Fox executives have said that the network’s news division covers the movement, but does not favor it.

Through a spokeswoman, Mr. Napolitano declined an interview request on Friday. In an appearance to promote the show last week on the highest-rated hour on Fox News, “The O’Reilly Factor,” he said his intent was “to be the night watchman for the public, to expose when the government does wrong things, steals property, steals freedom, violates the Constitution.”

Lew Rockwell, the chairman of the libertarian Ludwig von Mises Institute and, like Mr. Hornberger, a regular guest on Mr. Napolitano’s webcasts, said he considered “Freedom Watch” to be “the most important libertarian broadcast in the history of the American media.”

“There has never been a show willing to address the difficult subjects involving liberty as this one does, let alone to do it so effectively and entertainingly. And Republican statism gets no free pass,” he said in an e-mail message.

Mr. Napolitano seems to be part of a retooling at Fox Business, which started in 2007 as a competitor to CNBC. Fox Business, which has had trouble finding a loyal audience, does not subscribe to full Nielsen ratings. Saying it has had a “horrible time getting ratings,” Mr. Press said, “I think they’ve just decided to make it the second propaganda channel.”

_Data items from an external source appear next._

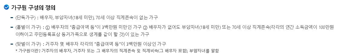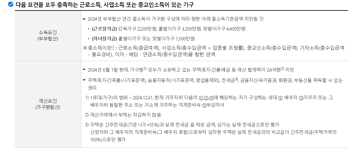 재산요건은 가족 구성원 전체를 기준으로 재산 합계약이 2.4억 원 미만입니다.
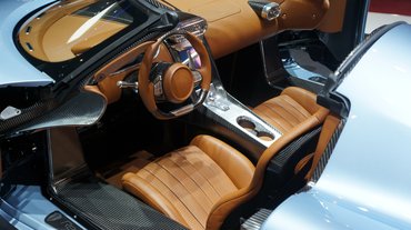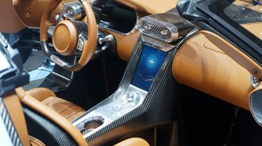 Természetesen ami csak lehet, szénszálas műanyagból készült, a felniktől az ajtóbehúzókig. A vigyázz-ajtók megvannak, a karosszérián pedig megfigyelhetőek a One:1-ről való aerodinamikai elemek. Nagyjából a klasszikus Koenigsegg-sémát követi a formaterv, egyedül a hátulja tér el a többi modelltől. Itt az Akrapovic által gyártott titán kipufogórendszer egyetlen, öblös üregen keresztül üvölti világba a Regera szörnyű erejét. Lapos, veszélyes és elképesztően erős, ugyanakkor mentes minden giccstől és felesleges sallangtól, amitől szinte megszédül az ember a szomszédos Pagani-standot nézve. A svéd megaautó tiszta formatervű, áttekinthető, funkcionális, ezért szép - mindenféle túlzás nélkül. Ezért tetszett meg nagyon, pedig ezek a lóerőgyárak igazán hidegen hagynak már egy ideje.
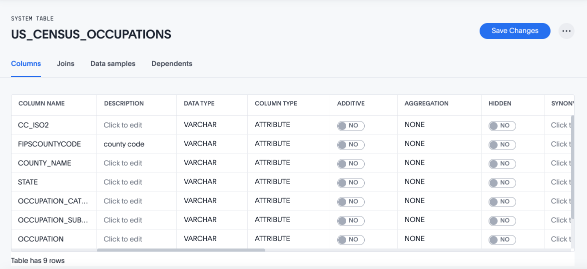 To make modeling settings for a data source you’ve just loaded, or to make a quick change to existing settings, use the ThoughtSpot web interface. You can adjust the Columns settings from the data management listing.

Fox did not respond to his comments.

Among other recent changes, Fox Business has added Charlie Gasparino, formerly of CNBC, and Gerri Willis, formerly of CNN, to support its business news regimen. Fox Business says “Freedom Watch” will address business topics, too, like economic liberties and consumer rights.

“Resistance to the growth of government will continue,” Mr. Napolitano said on Saturday, portending a lot of work ahead for the night watchman.